NZ population. 4.37 million
UKpopulation. 63.18 million
14 times more than New Zealand

Camping by a fast flowing tidal estuary at Mapua saw out the hot final weekend in the south island.

Saturday was a fabulous day covering an unplanned near 50km on a rented bicycle. Along a cycle route through and around the oddly named Rabbit island (not a single Oryctolagus cuniculus to be seen) and out to the little coastal town of Richmond near the "City of Nelson". With the tide having filled the estuary, cooling down with a swim in clear blue water on the way back was fabulous. The 15% discount card from the cycle hire business for the cafe across the road ensured I replaced the calories a had managed to  burn off!

I chose to take the scenic coastal road back to Picton. Why wouldn't you?

Through the "green mussel capital" of Havelock with enormous views of the water and surrounding hills, it put "scenic" into the next dimension!

News reports of an earthquake in Christchurch reminded me that these islands are "alive" in so many ways. No casualties and no tremors made it this far north.
The journey on the 9am ferry north passed quickly as I chatted to an early retired couple returning from a walking holiday/break.
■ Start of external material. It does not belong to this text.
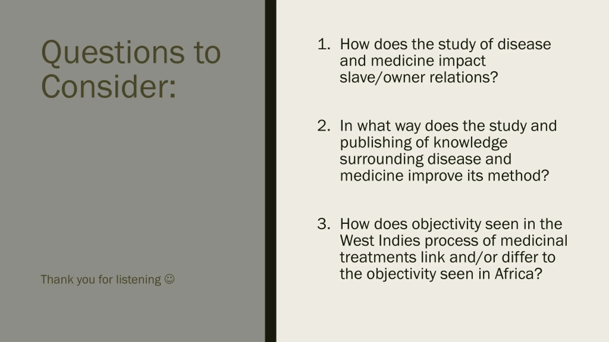 Questions to Consider: 1. How does the study of disease and medicine impact slave/owner relations? 2. In what way does the study and publishing of knowledge surrounding disease and medicine improve its method? 3. How does objectivity seen in the West Indies process of medicinal treatments link and/or differ to the objectivity seen in Africa? Thank you for listening

Quickly out of Wellington and on my way north I passed the Kaitoke national park (waving to the elven folk at Rivendell) I had stopped at on my way south and through Masterson to end up at a beautiful little riverside campsite in "kiwi country" at Eketahuna. Despite keeping my eyes peeled for the little flightless burrow dwellers. Just like the rabbits, none made an appearance.

Following the cost road north west through Hastings I stopped at the "art deco" designed town of Napier, that was rebuilt after a 1920's earthquake. Two in one blog entry! A gathering of 1930's cars outside the "Gatsby" themed hotel added to the ambience.

It's late summer now and you can tell as the mornings are cooler as the southern hemisphere heads towards autumn. Although it is very apt to warm up quickly.

I had a sudden strange thought (while not staring at the stars this time) that I am actually upside down! The gravity of that situation struck me as funny!

After a peaceful overnight rest at Morere, the spectacular road to Gisborne brought me to the Waioeka gorge. (Pronounce it how you like... I don't know!)
Although the day turned rainy, the low cloud hanging in the trees and hills brought a mystical edge to the region as the road swooped and turned its way following the contours of the river for the length of the narrow channel carved into the scenery... Tourist guide
An amazing road to drive along. Misty mountains, river waters flowing like a timeless craftsman, carving the valley. Native bush flora with huge ferns and amazing trees allowing this traveller the occasional glimpse of rushing high-rise waterfalls, tumbling down the sheer cliffs.

A wild wet n windy night in Whakatane (wh pronounced f ... cue schoolboy humour) followed before heading for Paereo for the weekends motorbike races... Assuming the pacific rain storm passes over.